Nebraska cities are liable under state law for injuries to innocent people in crashes that stem from police chases.
Former Sen. Ernie Chambers of Omaha crafted the police chase liability law. He protected it vigorously until leaving office in 2008 under term limits. He believed police pursuits were irresponsible and dangerous and argued that the government should be required to financially protect people, regardless of whether police were at fault.
The law and court rulings have forced changes in police-chase policies over the years.
In Lincoln, the policy requires officers to weigh risk factors, such as whether the suspect is driving against oncoming traffic and running red lights at high speeds. The officer also must consider the seriousness of the offense, Police Chief Tom Casady said.
This week, the Lancaster County Board of Commissioners agreed to pay $75,000 toward a future larger payment to a man who was severely injured when his truck was hit by a car being chased by Lancaster County sheriff’s deputies.
Bataillon originally set the amount of damages for one of the men in the Omaha case at $2.9 million but ruled that state law caps liability for cities at $1 million per person.
The city was ordered to pay $1 million to Jimmie Joe Staley and $500,000 to Joshua McGrath for injuries they suffered when their truck burst into flames after being hit by a car driven by a man fleeing police.
Staley sustained lung damage and severe burns on two-thirds of his body. McGrath suffered a broken pelvis, a broken facial bone and burns on one-third of his body.
The city had argued that it should not have been held responsible because the police officer had called off the pursuit a half-mile before the crash.
Bataillon rejected that argument. The driver of the fleeing car, Michael Barnes, testified that he couldn’t tell whether the cruiser was still behind him because he was going downhill. The crash happened 20 to 30 seconds after the officer called off the chase.
Barnes testified that he still felt as though the police cruiser was right behind him and that he was still being pursued.
The chase began on April 14, 2000, when Sgt. Preston Sears saw Barnes skid into an intersection on a red light, back up and then drive through the intersection on a green light.

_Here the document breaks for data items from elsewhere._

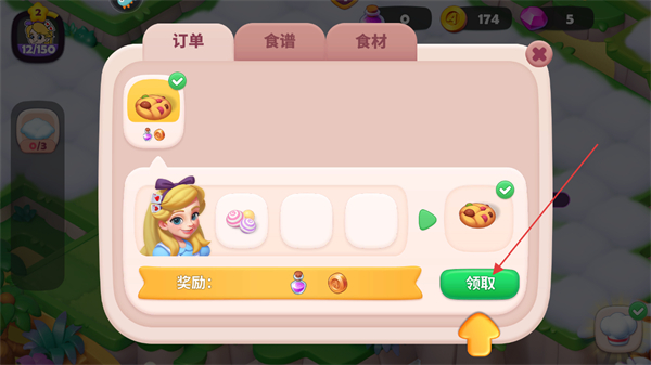 1、查看订单任务需提交指定糖果,点击订单界面的领取,获取任务道具。
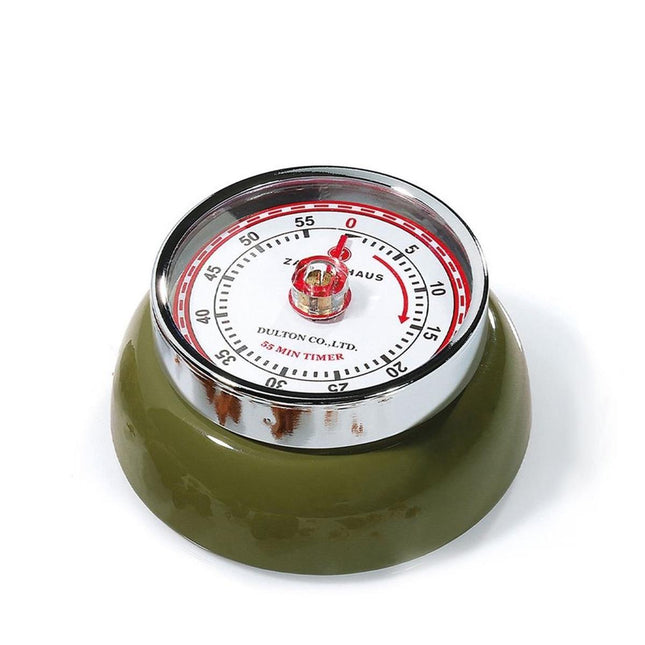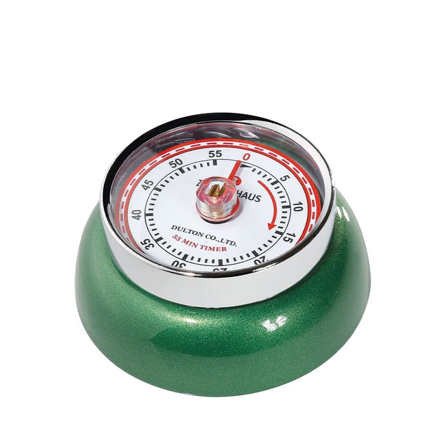 De kookwekker SPEED van het merk Zassenhaus heeft een trendy retro-look. Het is gebaseerd op het Amerikaanse designtijdperk van de jaren '40 en '50. De charmante kookwekker is ontworpen door Yasuaki Sasamoto. De Japanner staat bekend om zijn keukenaccessoires en meubelen, die purisme combineren met een vleugje humor. Ook de timer met zijn vrolijke kleuren brengt je in een goed humeur. Als echt designobject is het veel te mooi voor de ladekast. Dankzij de magneet aan de achterkant bevestig je het stijlvolle accessoire aan je afzuigkap, koelkast en andere metalen oppervlakken.De kookwekker heeft een maximaal instelbare tijd van 55 minuten. Na afloop van de ingestelde tijd klinkt een authentieke ringel.Specificaties: Merk: Zassenhaus Artikelnummer: 072303 EAN: 4006528072242 Diameter: 7 cm Hoogte: 3 cm Kleur: Groen Materiaal: metaal Reiniging: handafwas Timer bereik: 55 minuten
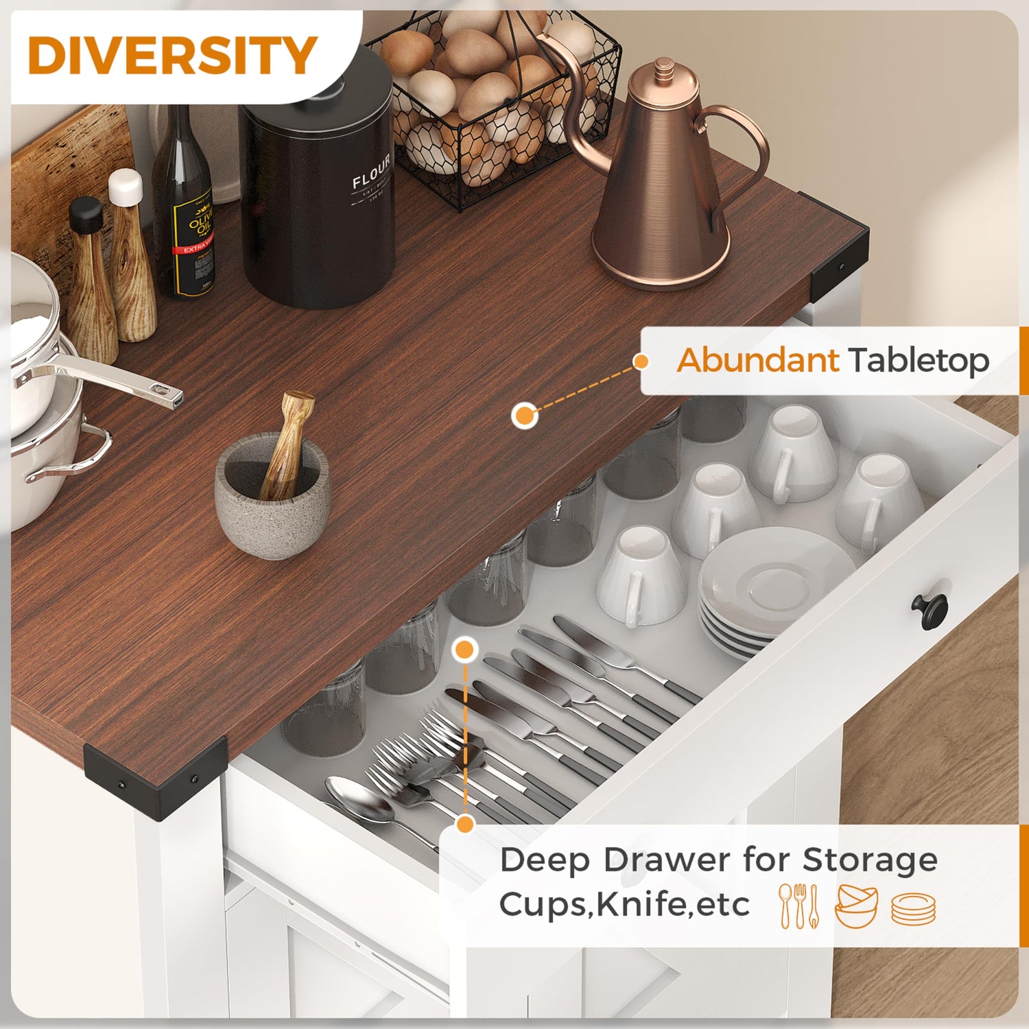 - 【Farmhouse Style】This farmhouse coffee bars cabinet feature a farmhouse look with natural wood grain and unique barn doors. Meanwhile, the drawers and doors are equipped with cushioning for safety and sound reduction, a perfect blend of rustic and vintage styles that can easily match most decorative themes.

When Sears tried to pull over Barnes’ car, Barnes sped off, beginning a chase that lasted several blocks.
In 2002, the high court ruled that a State Patrol chase of a schizophrenic suspect was at least partly responsible for a three-vehicle crash that killed a woman and injured three others.

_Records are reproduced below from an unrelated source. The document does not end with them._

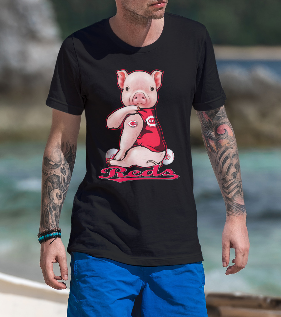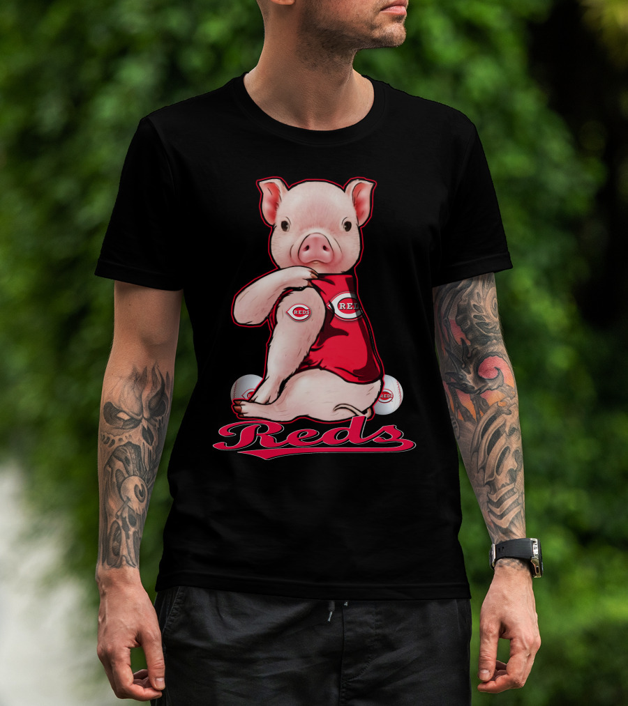 The Cincinnati Reds Pig Baseball T-shirt is designed for everyday wear and a consistent fit. Fabric is pre-shrunk ring-spun cotton with durable stitching. See the size chart below for exact measurements.
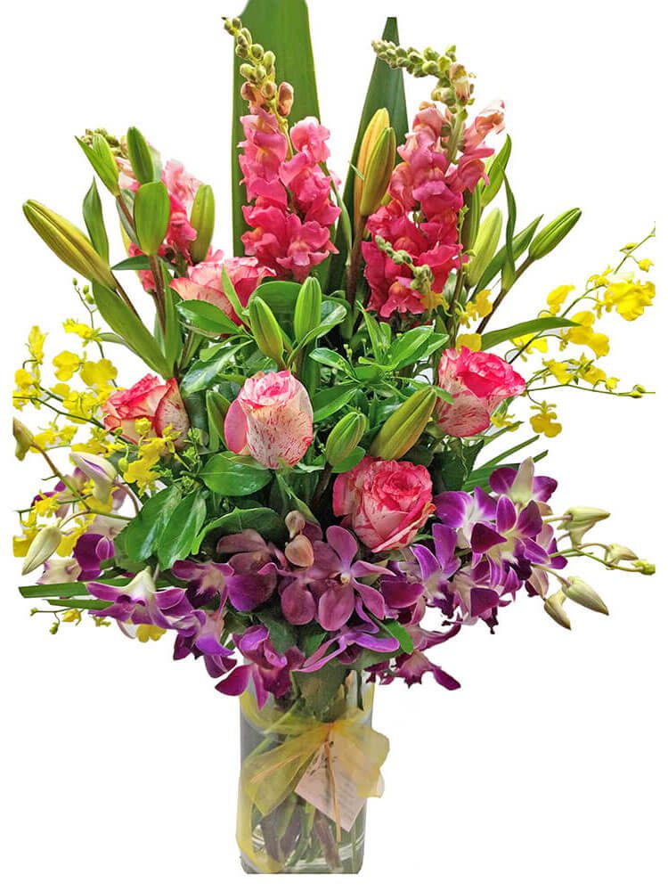 Happy and cheerful big flower vase arrangement of seasonal bright blooms
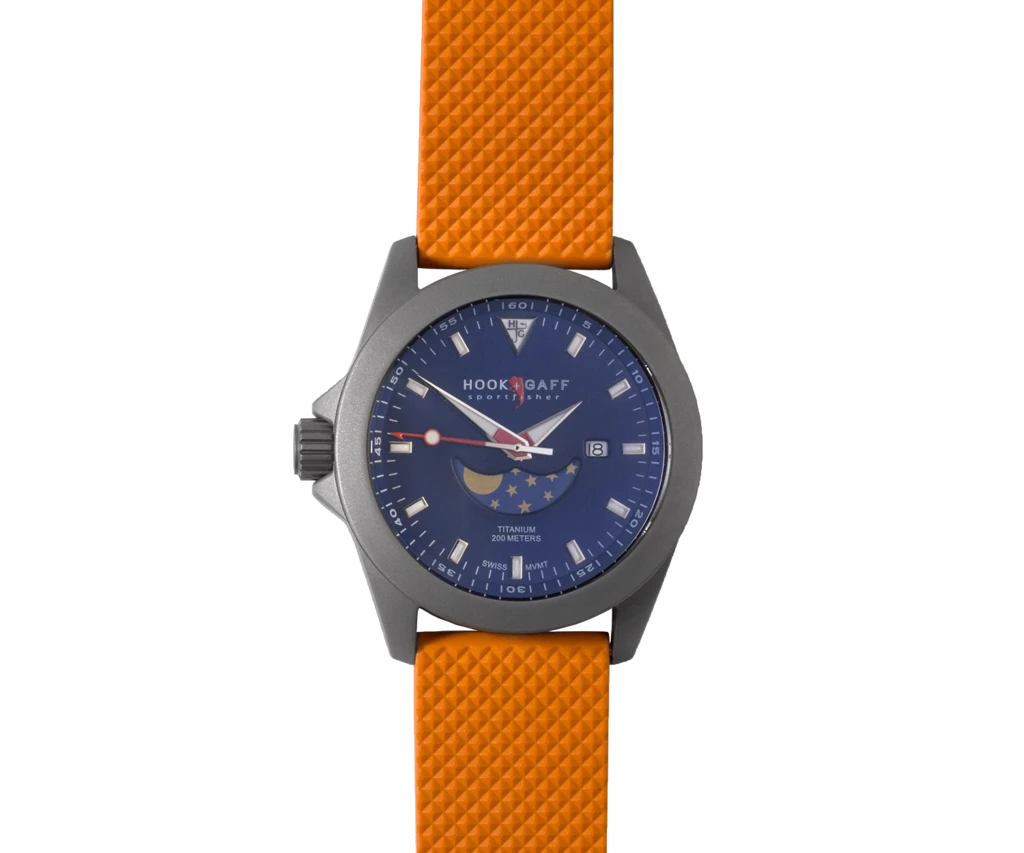 The new Sportfisher II Blue Dial Moonphase watch houses a custom Swiss quartz movementย withย moon phase and date. The crown is uniquely placed on the left side of the watch face to avoid irritation during active angling situations. The titanium case is corrosion-and-water-resistant, in addition to being a poor conductor of heat for those hot days on the water.ย ย Specifications include:

The accident happened Aug. 5, 1995, in West Point, and 61-year-old Ramona Meyer was killed. Muriel Bacus of Elkhorn and her two young sons, Richard and Kyle, were seriously injured.
Patrol Sgt. Gerald Sieck chased Donald Poston of Springfield for 26 miles on U.S. 275 at speeds up to 120 mph after clocking Poston’s van at 94 mph west of Wisner.
Sieck testified that it appeared no matter what he did, including ending the pursuit, Poston would continue to flee.
Poston drove into West Point. When his car struck a van driven by Meyer, it went airborne and crashed into Bacus’ station wagon.
Poston was not injured, and, by reason of insanity, he was found innocent of motor vehicle homicide and four counts of second-degree assault.
The high court ruled that Poston clearly was trying to evade police during the chase and the patrol was at least partly responsible for the crash.
In that ruling, Judge Kenneth Stephan said that while Poston’s case was different, “this fact does not automatically insulate the city from strict liability for injuries to an innocent third party.”
“A law enforcement officer’s decision and action to terminate a vehicular pursuit do not instantaneously eliminate the danger to innocent third parties,” he said. “That danger continues until the motorist reasonably perceives that the pursuit has ended and has an opportunity to discontinue the hazardous, evasive driving behaviors contemplated in the statute.”